A light flashed on in an upstairs window, the window opened, and Lucille stuck her head out. “Vinnie?”

“Yeah. I’ve been rescued. Let me in. I don’t have my key.”

“Your key won’t do you any good, you jerk. I had the locks changed. Get your perverted butt off my lawn.”

“This is my lawn, too,” Vinnie said.

“The hell it is. My father bought this house for us, and it’s in my name.”

“It’s common property, sweetie pie,” Vinnie said. “And you’ll have to kill me to get my half.”

“No problem,” Lucille said.

She disappeared from the window, and Vinnie started collecting his clothes. “I can’t believe she did this,” he said. “Look at this silk shirt laying here in the mulch. And my hand-painted tie.”

Lucille reappeared in the window with a shotgun, and she blasted one off at Vinnie. “You’re trespassing,” she said.

“What are you gonna do, shoot me and call the police?” Vinnie yelled at her.

“No. I called my father. He’s on his way over.”

“Her father’s dumped so many bodies in the landfill he has his own parking place,” Ranger said.

Lucille squeezed off another shot, and Vinnie scrambled to the Jeep with his arms full of clothes.

Ranger put the Jeep in gear and backed out of the driveway. “Your call,” he said to me.

“Take him to the office.”

THE BLACK SUV was parked in front of the bonds office. There was a big gash in the hood and the roof was smashed in over the cargo area. A second car was parked behind it.

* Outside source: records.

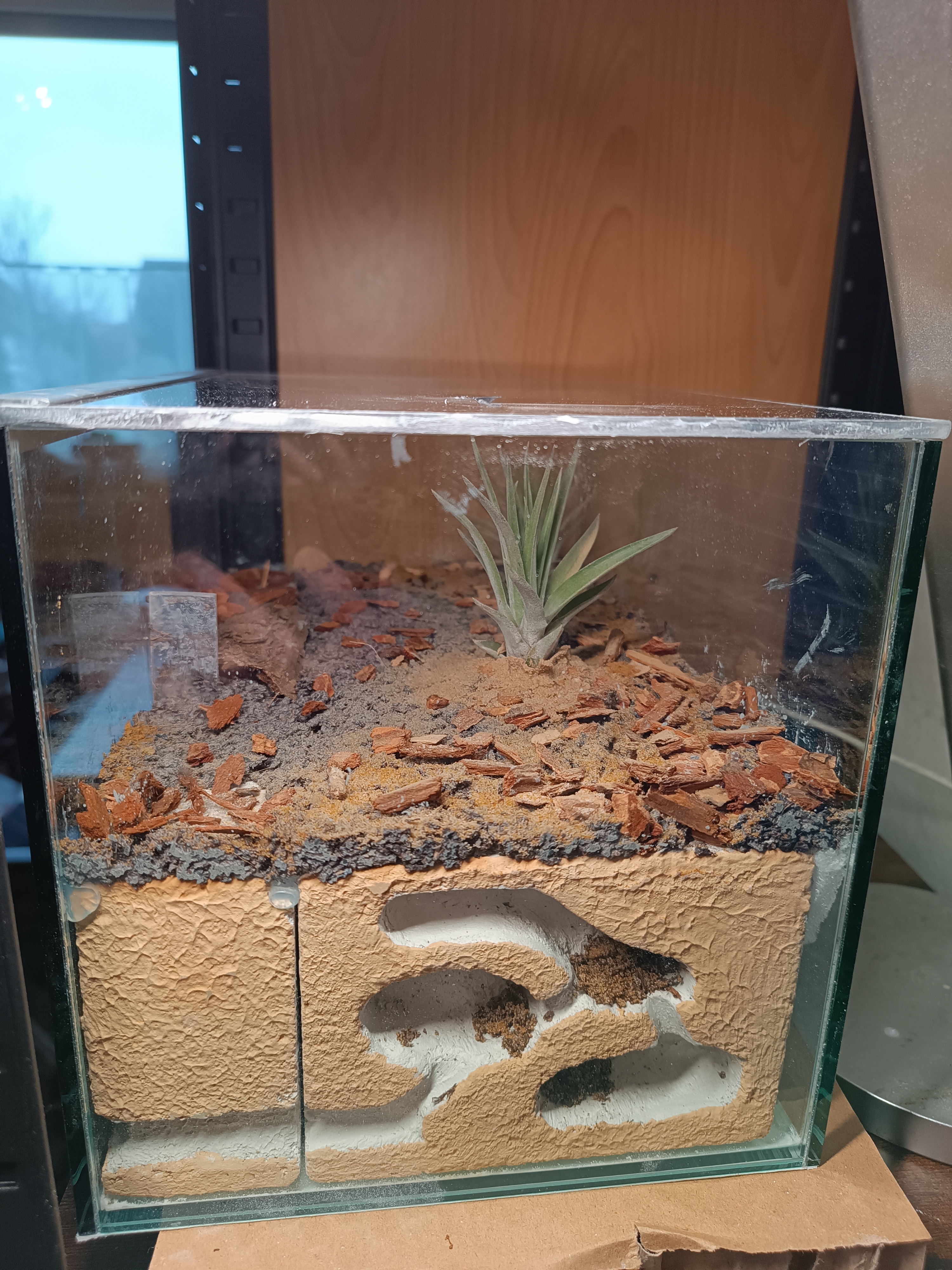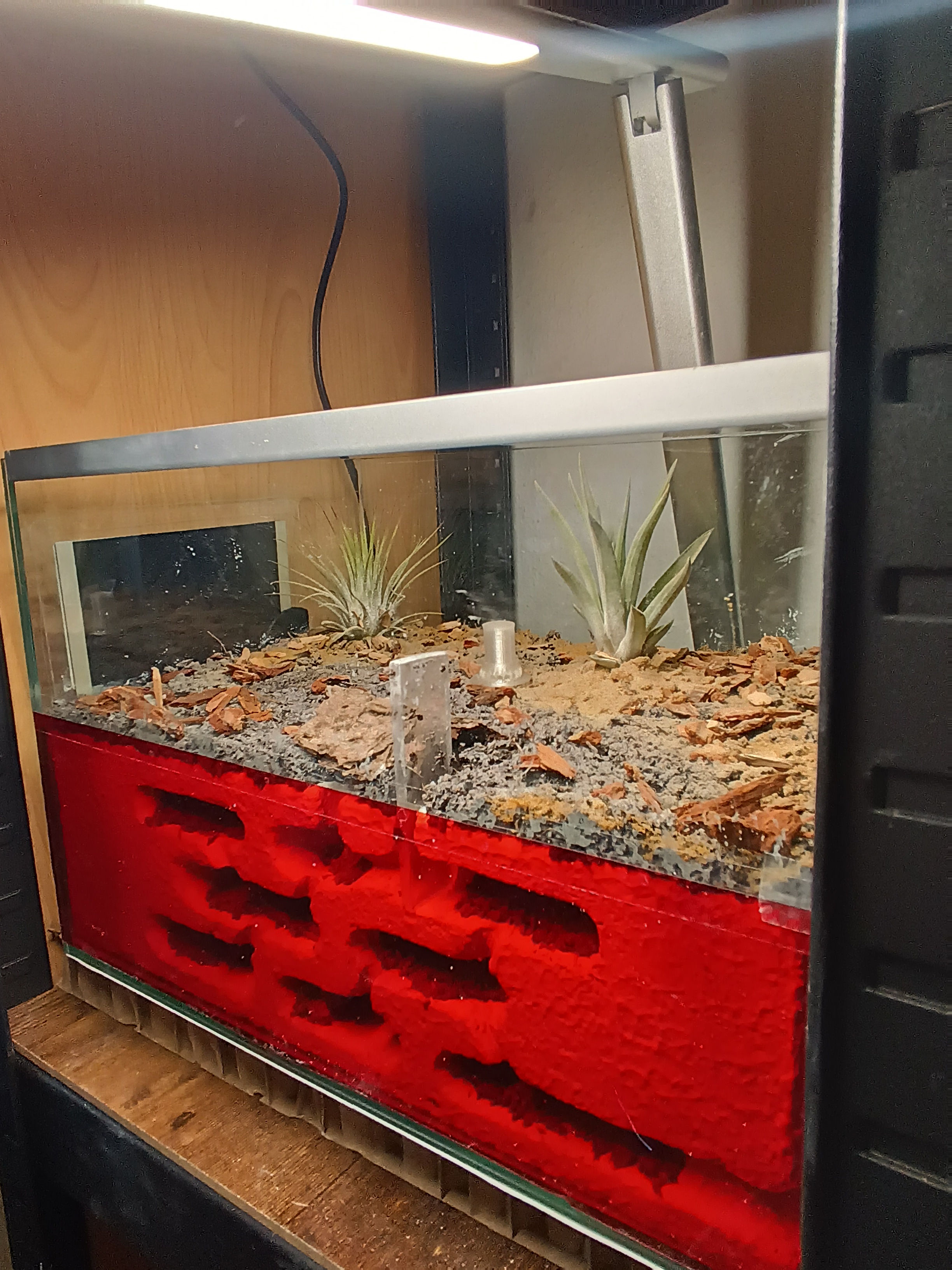 Für das Substrat in der Arena habe ich Regenwald Bodengrund mit etwas Lehm und Sand gemischt und dann eine ca. 0,5 bis 1 cm dicke Schicht verteilt. Dazu habe ich noch 2 Tillandsien in die Arena Gestellt und verschiedenen Sand verstreut um es etwas natürlicher aussehen zu lassen.
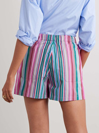 EDITORS'NOTES Printed with colorful stripes, Valentino Garavani's shorts will instantly enliven anything you wear them with. They're made from lightweight cotton-poplin and have a high-rise waist threaded with an adjustable drawstring. SIZE & FIT Model measurements: - Fits true to size, however those who are between sizes should take the smaller size - High-rise, cut for a relaxed fit - Drawstring waist, designed for a flexible fit - Lightweight, non-stretchy fabric - Model is 175cm/ 5'9" and is wearing an IT 40 - Bust: 79cm/ 31" - Waist: 61cm/ 24" - Hip: 88cm/ 34.5" DETAILS & CARE - Multicolored cotton-poplin - Pull on - 100% cotton - Dry clean
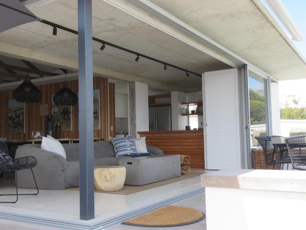 The self catering cottage has two en-suite bedrooms, both of which are air conditioned. The rooms lead via sliding doors to an outside area. The rooms are equipped with a hairdryer, linen, bath towels and beach towels. A camping cot is provided. The lounge is comfortably furnished with a couch and chairs as well as a sack couch that forms part of the patio seating. There is a TV with DStv and free Wi-Fi. Sliding doors lead out to the wrap-around patio which is furnished with a dining table, sun loungers and an umbrella. The kitchen has beautiful sea views and is fully equipped with a stove, an oven, fridge / freezer, microwave, dishwasher, crockery and cutlery as well as pots, pans and a toaster. There is also a washing machine, tumble dryer and built-in braai facilities.
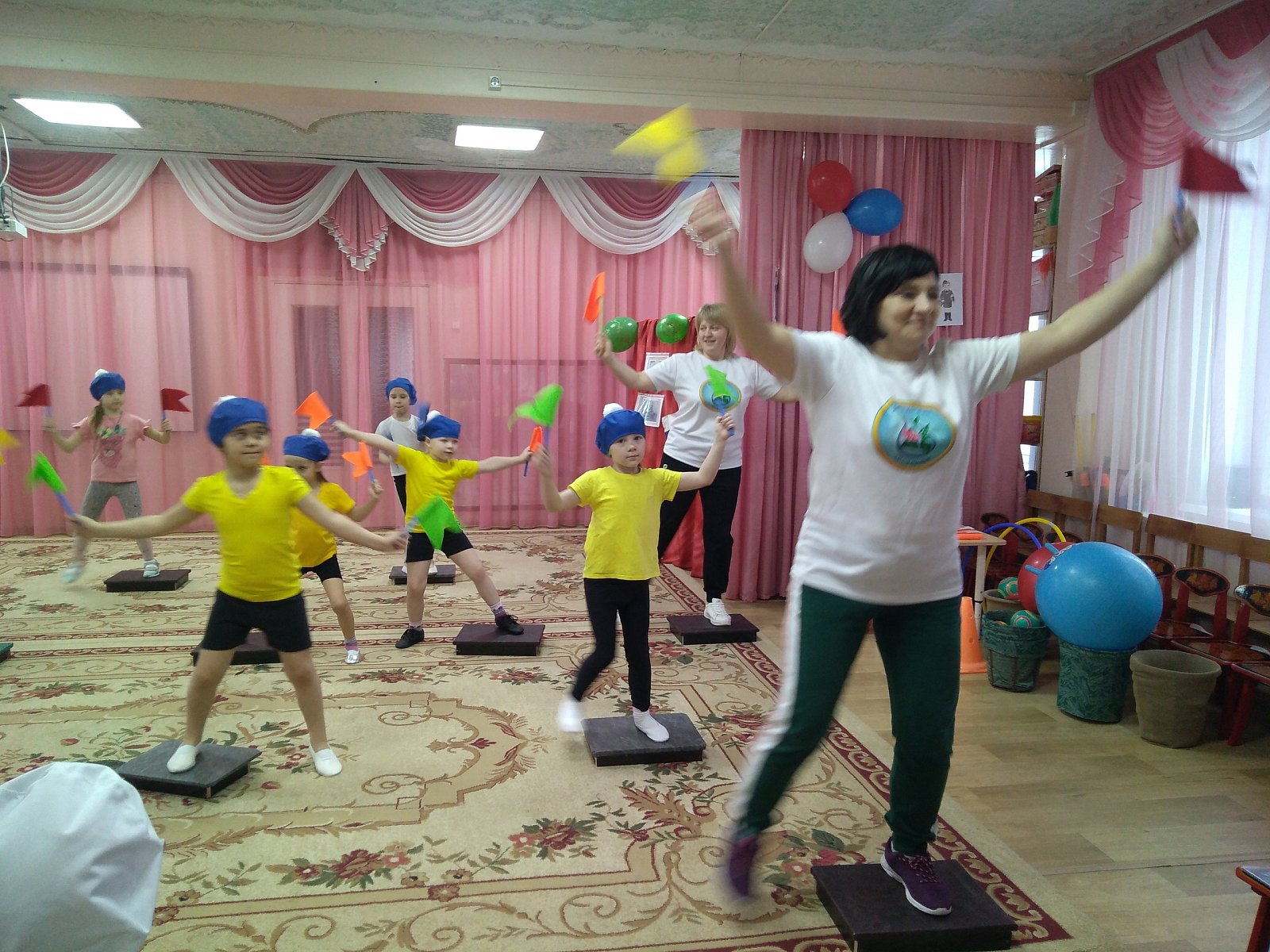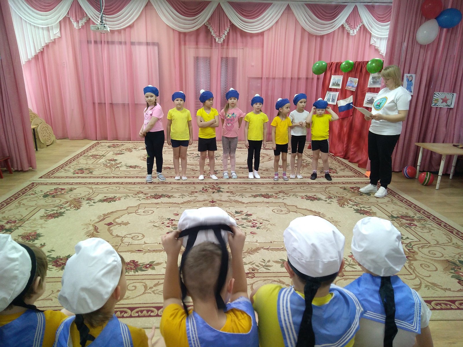 Девочки подготовительных групп дарили мальчикам стихи, раскраски, открытки и даже спортивно-танцевальный комплекс на степ-платформах!
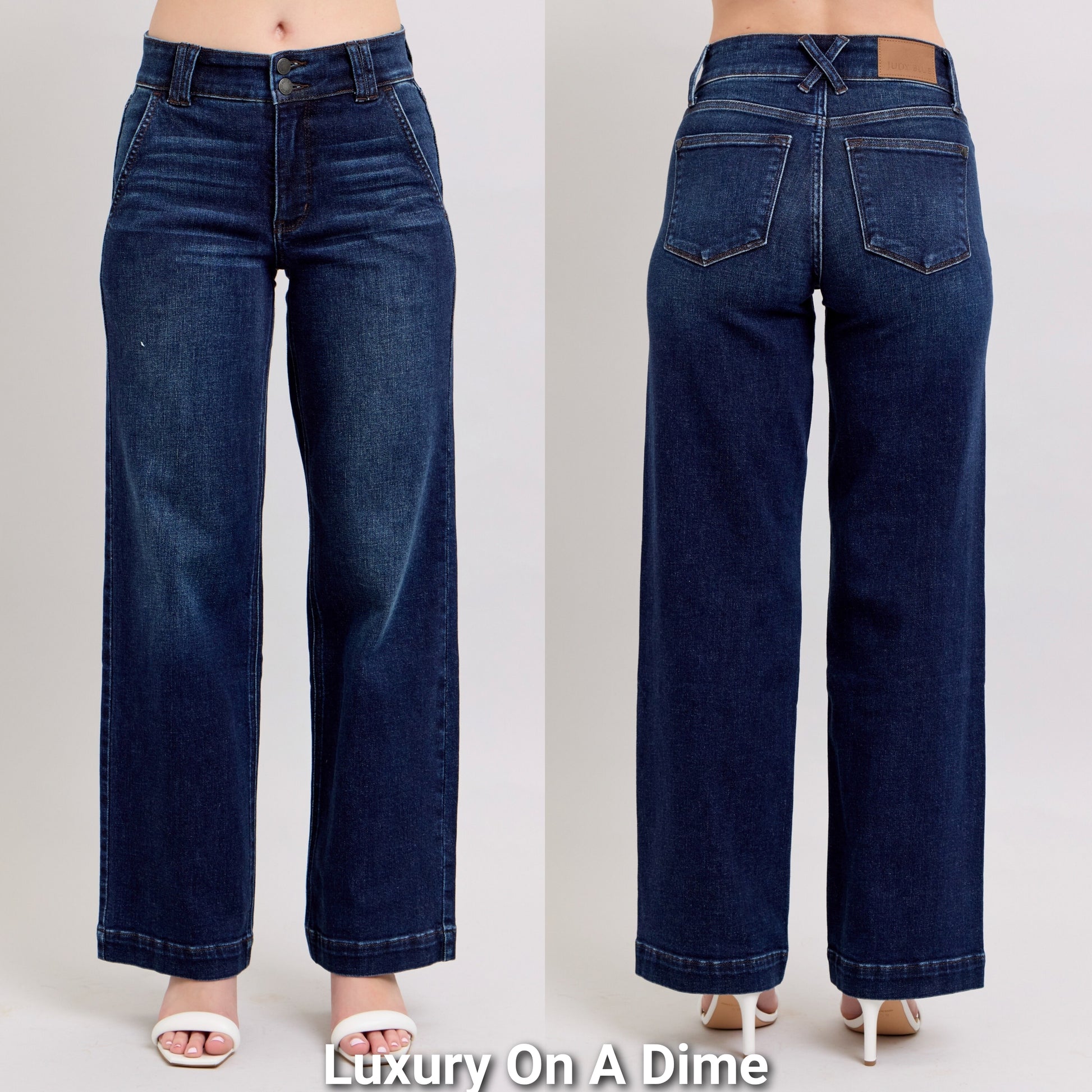 Judy Blue High-Rise Double Button Waist Pants Relaxed Baggy Wide Leg Denim Jeans
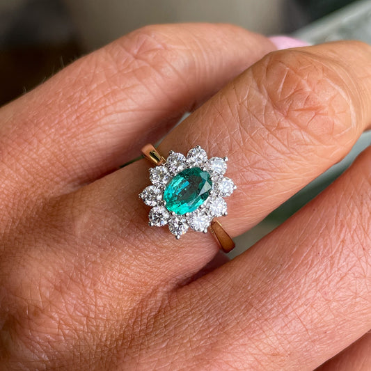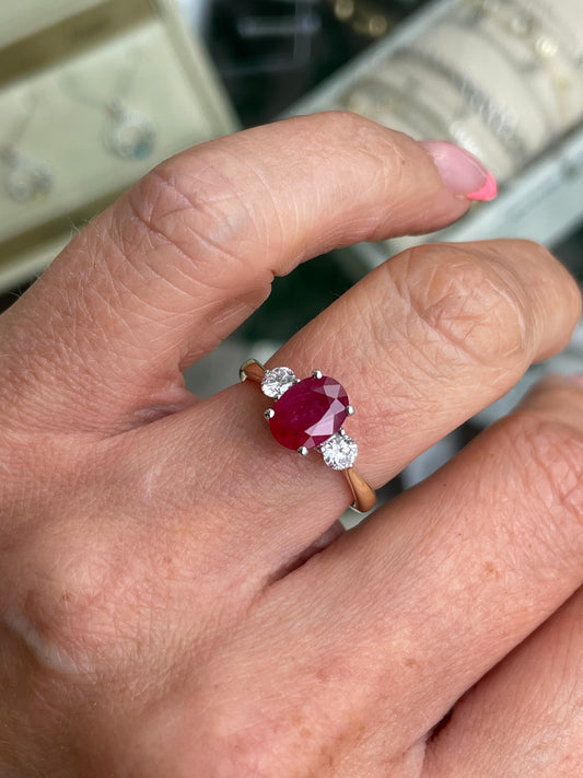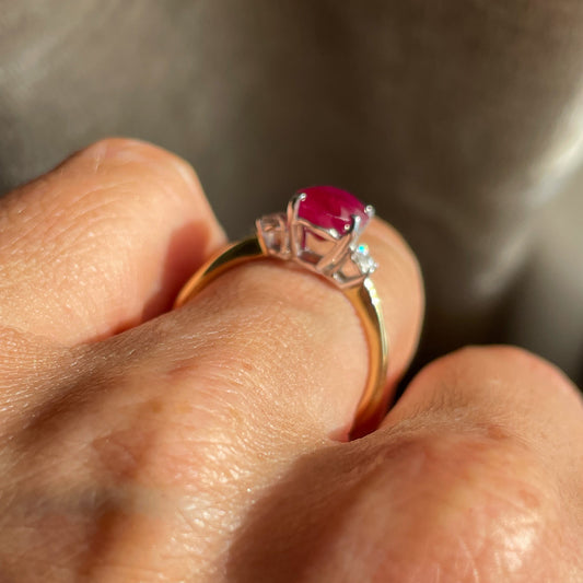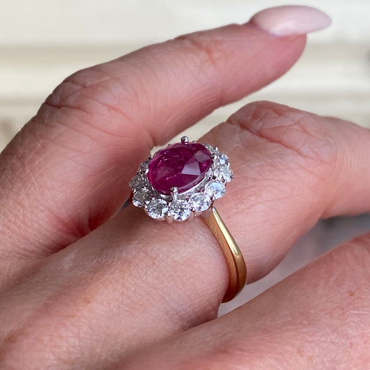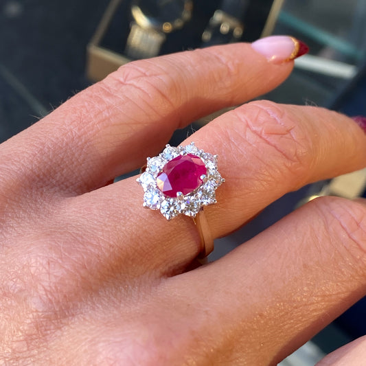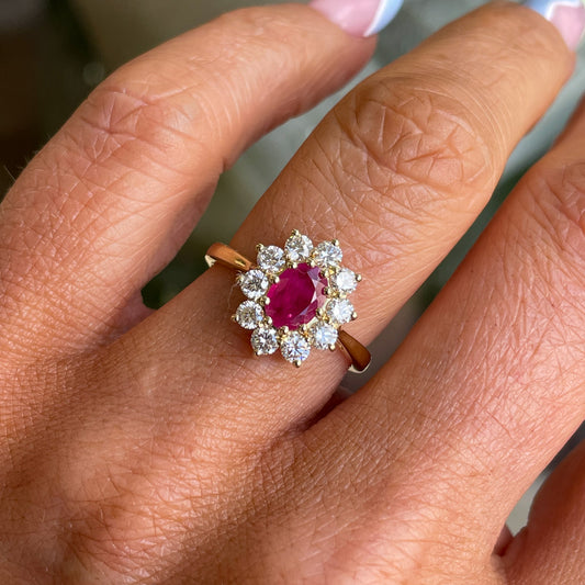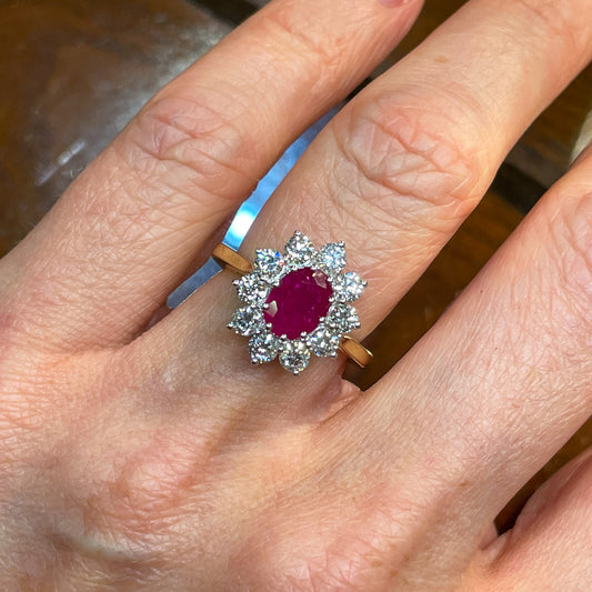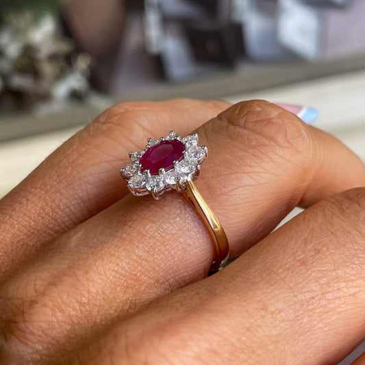 18ct Gold Ruby & Diamond Oval Cluster Ring
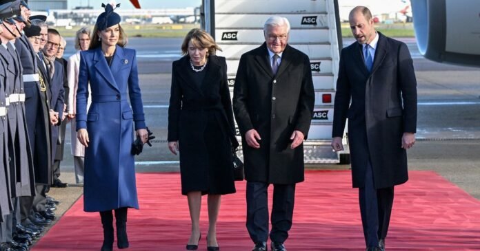 The royal event commenced as the Prince and Princess of Wales welcomed the German president and his wife to the UK for a significant state visit. Frank-Walter Steinmeier and Elke Budenbender were greeted at Heathrow Airport by the royal couple on behalf of the King. The arrival included a carpet lining party by The King’s Colour Squadron, Royal Air Force, to welcome the president’s plane adorned with the colors of the German flag.
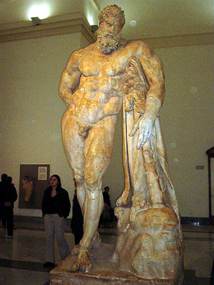 Upon entering the Museum, you walk down a long corridor lined with antique sculptures, into the hall that holds the grandest of the Farnese collection. I had seen the Hercules statue in many books, and was never impressed by it. Seeing it in real life was much better—a powerful, yet tired, Hercules. I was shocked at how many pieces of sculpture I recognized from art history books; I had no idea they ALL were in Naples! |
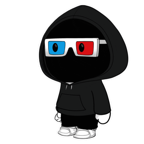 Animated character in a black hoodie and 3D glasses, performing a respectful hat tip or salute gesture.
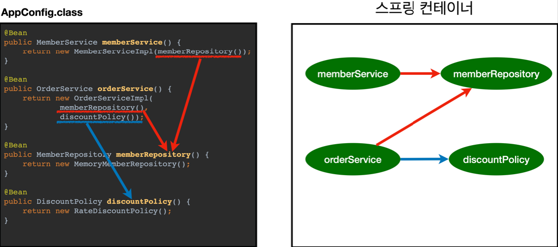 이해할 때는, 스프링 빈이 등록되고 의존 관계가 이후에 주입된다고 이해를 해도 되지만, 실제로 생성자로 의존관계를 주입받을 때는, 스프링 빈 생성과 의존 관계 주입이 동시에 일어납니다[2].
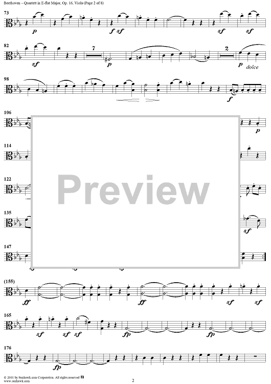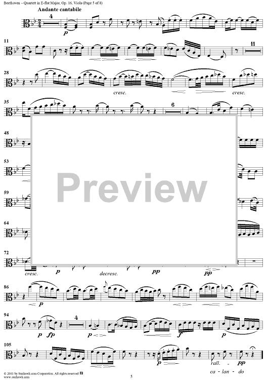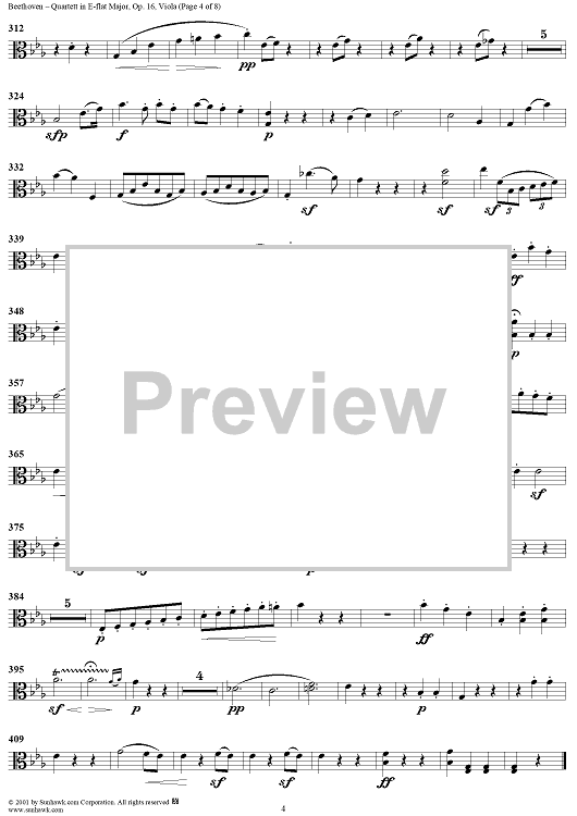 Digital Sheet Music for Piano Quartet in E-flat Major, Op. 16 - Viola by Ludwig van Beethoven scored for Piano Quartet; id:275807
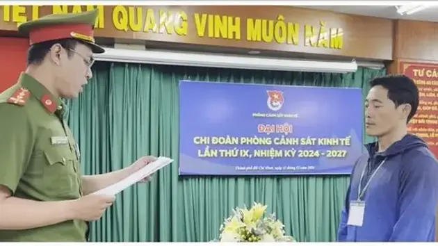 Công an đọc lệnh khởi tố đối với bị can trong đường dây mua bán trái phép hóa đơn. Ảnh: TTXVN.

“Probably, we don’t want to stop here,” I said to Ranger.

“Give me a gun. I’ll take care of those assholes,” Vinnie said.

“You’ve caused enough trouble,” I told him. “You’re not getting a gun. And for crying out loud, put some clothes on. I’m going to have to disinfect the seat back there.”

Ranger cut off Hamilton, into the Burg, and stopped at a cross street.

“I don’t suppose you’d want to take him home with you,” I said to Ranger.

Ranger glanced at Vinnie in the rear view mirror. “We could negotiate. The price would be high.”

“Would I have to dress up like a geisha and rub your feet?”

Ranger cut his eyes to me. “It wasn’t what I had in mind, but it would be a place to start.”

“Cripes,” Vinnie said. “You two want to get a room?”

“Tell me again why you rescued him,” Ranger said.

I slid the Maglite back under the driver’s seat. “Grandma Plum and Aunt Mim.”

“Maybe he can stay with them,” Ranger said.

“Unfortunately, that’s not an option,” I said. “He can stay with me tonight.”

I GAVE VINNIE a quilt and a pillow. “You can spend one night here,” I said. “One night. Tomorrow, you have to find a different place to live.”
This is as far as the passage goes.